ロゴスとパトス (付 川村先生への手紙

 精神科医として精神病の治療に従事し、ヤスパースの精神病理学などを同僚と輪読して学ぶかたわら、夜はヒトの大脳皮質の組織標本を作ってスケッチをしたりして細胞構築学(忠告された通り、業績にはならなかったが)の勉強をしたり、ネコの大脳の連合線維の実験をした。

 高次神経活動を学ぶ基礎の基礎として皮質間を興奮がどのように伝達するのか、その規則性を知りたかった。もちろんネコでは不満であった。チンパンジー(後に、ガーナ国の首都にあるアクラ大学医学部に1ヶ月間教育要員として招かれたとき、この動物が使えるならばという条件で承諾した)ならずとも、せめてサルで実験したかった。あとから範囲を広げていけばよいのでネコで毎晩毎晩実験をし、所見をとって一段落するのに10年かかった。

 後年サルの連合線維を研究できるようになった時にこの蓄積が大きな力となった。サルで大脳皮質の研究をすると同時に、ネコで中脳から脳幹/脊髄への下行路投射の研究と小脳求心路の研究を軸索変性法や標識追跡法を用いて行った。約10年間これに没頭した。一息つく暇もなく、次の第3番目の10年間はラット、マウスを用いて再生・移植・発生の領域に大胆にも踏み込んだ。今までの仕事を発展させるか、それとも、この未知の領域にすすむか随分考えた。

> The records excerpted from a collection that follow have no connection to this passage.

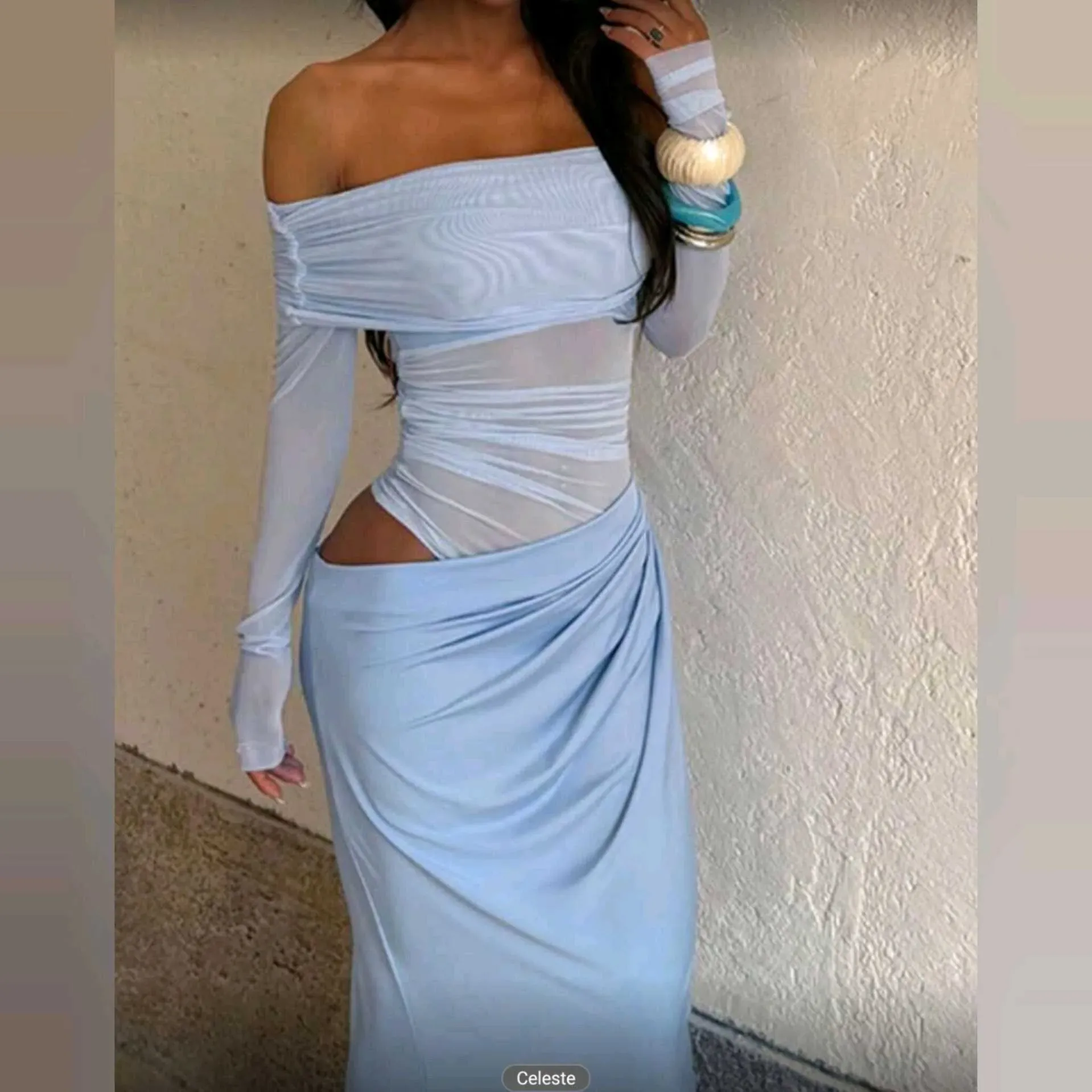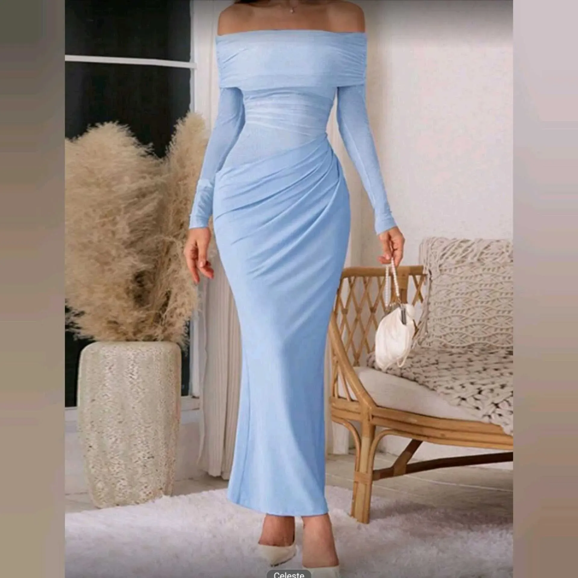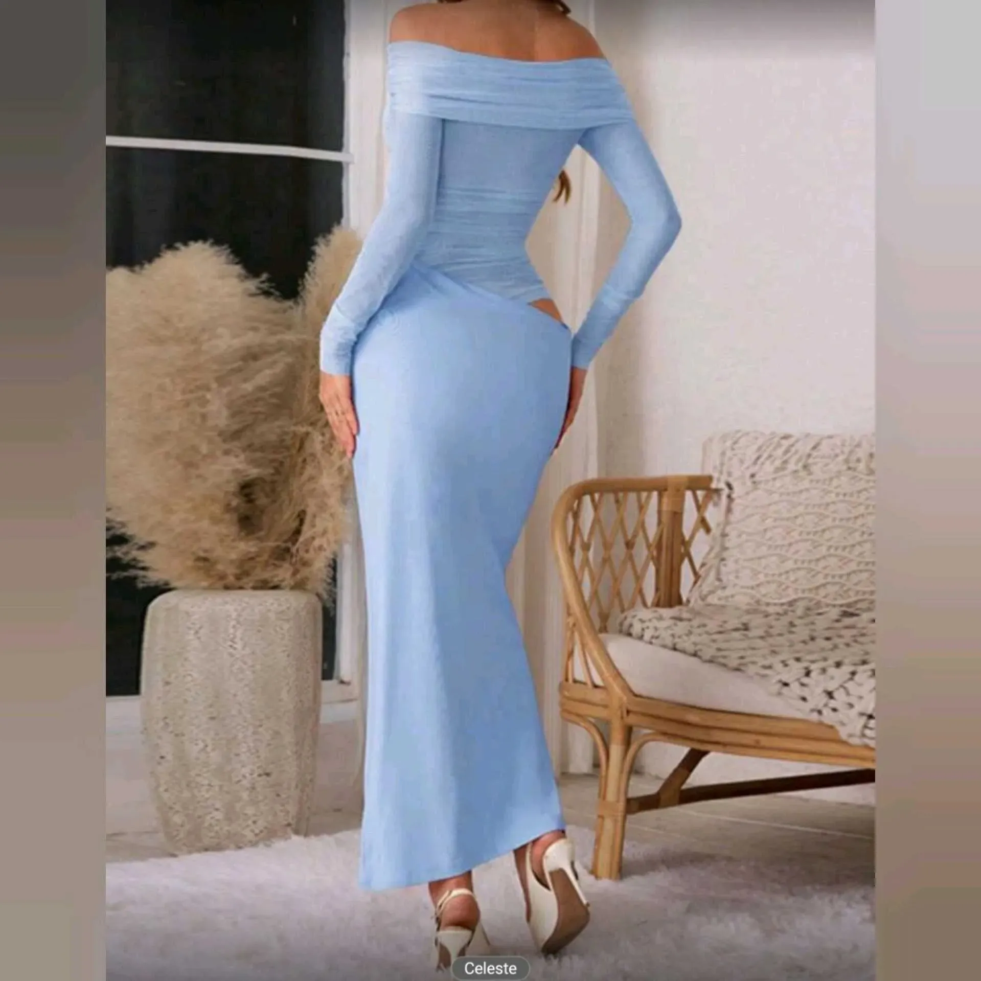 Vestido Midi Celeste Off ShoulderVestido ultra tendencia que estiliza la figura con diseño hombros descubiertos, efecto drapeado y corte ajustado que realza la silueta. Ideal para eventos, cenas o looks elegantes de noche.🔹 Color: Celeste🔹 Corte: Midi /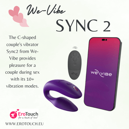 The C-shaped couple’s vibrator Sync2 from We-Vibe provides pleasure for a couple during sex with its 10+ vibration modes.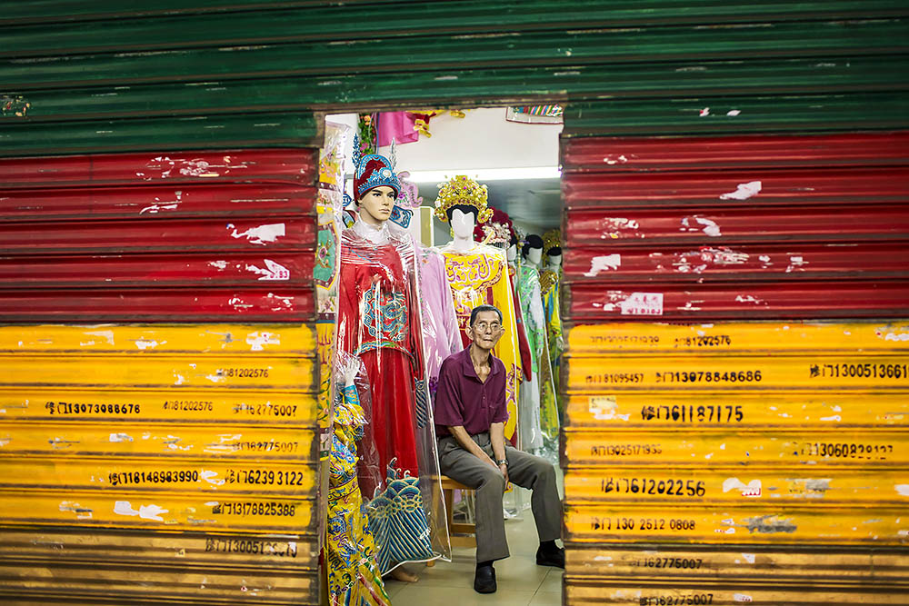 广州市越秀区人民南路,清晨8时,状元坊戏服厂刚刚打开卷帘门上的小门,年过七旬的老员工坐在门内守护店中的工艺品,他与旁边站立的一位身着古老戏服的现代模特形成了有趣的反差。随着近年来粤剧的式微,戏服行业每况愈下,这一家“状元坊戏服厂”已是广州最后一家戏服制作厂。

 Geoff Raismanというイギリスの朋友から「どうしてお前は長いこと頭を使わない学問をしているのか。なお悪いことに、たくさんの論文をかいている。」といわれてその挑発に乗ってしまい、この領域の面白みを教えられた。この酒場での喧嘩がなくても、私はこの発生と再生の領域に入っていたと確信する。なぜなら私は若い頃から、物事を動的に観察し、研究せよ、対象とする自然は絶えず変化しており、けっして1つの所にとどまってはいないのだからという風に教育され学んできたからである。ヘラクレイトスも鴨長明も言っているではないか。そして自然に逆らわないで素直な質問をするように、そうすれば自然はいい答えを返してくれる。哲学的にいえば素朴な自然弁証法である。

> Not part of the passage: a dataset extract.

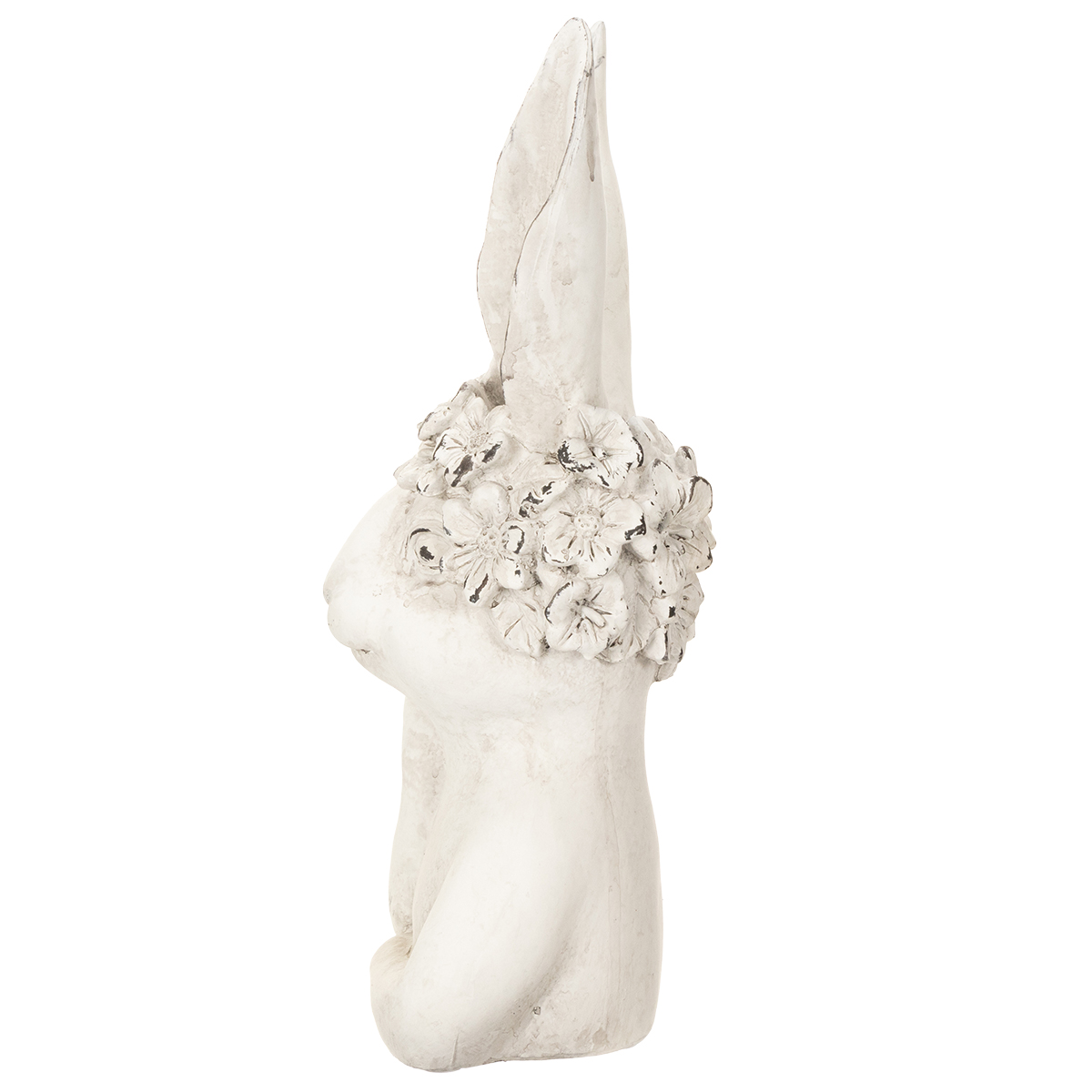 Náš dekoratívny králik zaujme harmonickou súhrou decentnej elegancie a jemných detailov. Výrazná póza s podopierajúcou rukou a hravý kvetinový veniec na hlave dodávajú tejto figúrke jedinečnú osobnosť. Príjemná sivá farba ho robí všestranným, zatiaľ čo jeho vysoko kvalitný keramický materiál zaisťuje stabilitu a odolnosť. Je vhodný do vnútorných aj krytých vonkajších priestorov.

 このようにヒト(人間)を対象としていた臨床家が年をとるにつれてだんだんと小動物を相手に実験をするようになった。これから先の10年間は大腸菌を相手にするかもしれない。ヒトとの友人としてあるいは医者としての社会生活・人的交流もさることながら、サル、ネコ、ラット、マウスを用いた実験の研究生活からえた貴重な体験は、私の思想ないし哲学(大げさだが)を形成する上ではかり知れないものであった。このように思う年恰好になった。

 最近ときどき考えてはいたが、そのために時間を費やすのが惜しくて、まとまりのないまま私の頭に浮かんでいたものを、いま考えてみたい。この機会を与えて下さった編集部の方々に感謝する。
表題を「ロゴスとパトス」としたが、これはわれわれヒトの脳がもっている高次神経機能の2つである。すなわち、高度の認識機能を支えている「言語」活動と、環境との関わり合いにおいて、自己保存から精神機能の発現まで広範囲な行動を保証する「情動」活動を意味するキーワードとして用いている。これらの活動は発達した前脳が上手く働かないと発揮されない。

 最近、心/精神と脳との関わりの問題が、マスコミを含めていわゆる知識人の間のサロン的また学問的話題としても注目されている。いまどきヒトの心の源を心臓の働きや肝臓の働きに帰する人はまずいないだろう。心は脳の高次機能の産物であることは中学生でも知っている科学的常識で、真理である。しかし驚いたことに、心を脳から切り離して、脳の関連外のものと考えている頑固な人にときどき出会う。しかも、れっきとした教養の備わっている人である。いわゆるインテリである。そればかりか自然科学者の中にもそういう人達はいる。科学的に証明されていないという。ここで観念論と唯物論について歴史をふりかえりながら論じようとは思わないが、自立した心をもって、自分の考えをもって行動して、充実した生活を送りたいと思う人は、自分の心は脳の産物ではないとか、脳の外側に心があるとか、自分が主観的に認識しないかぎり、対象の存在を認めないとか、自分が誕生する以前に地球が存在したかどうかは私は証明できないので責任をもって回答することはできないとか、道を踏み外した無責任な態度はとらないでもらいたい。動物実験にたずさわるもの、特に脳を実験的に研究しているものは。クロード・ベルナールならずとも、次のように言うであろう。「これに賛成できない人は実験をして真実を解明しようとしないで古代や中世の人達の書いた本をひもといて、それを金科玉条として信奉したらよい」と。トラヴィアータの魅力はオペラの世界のものである。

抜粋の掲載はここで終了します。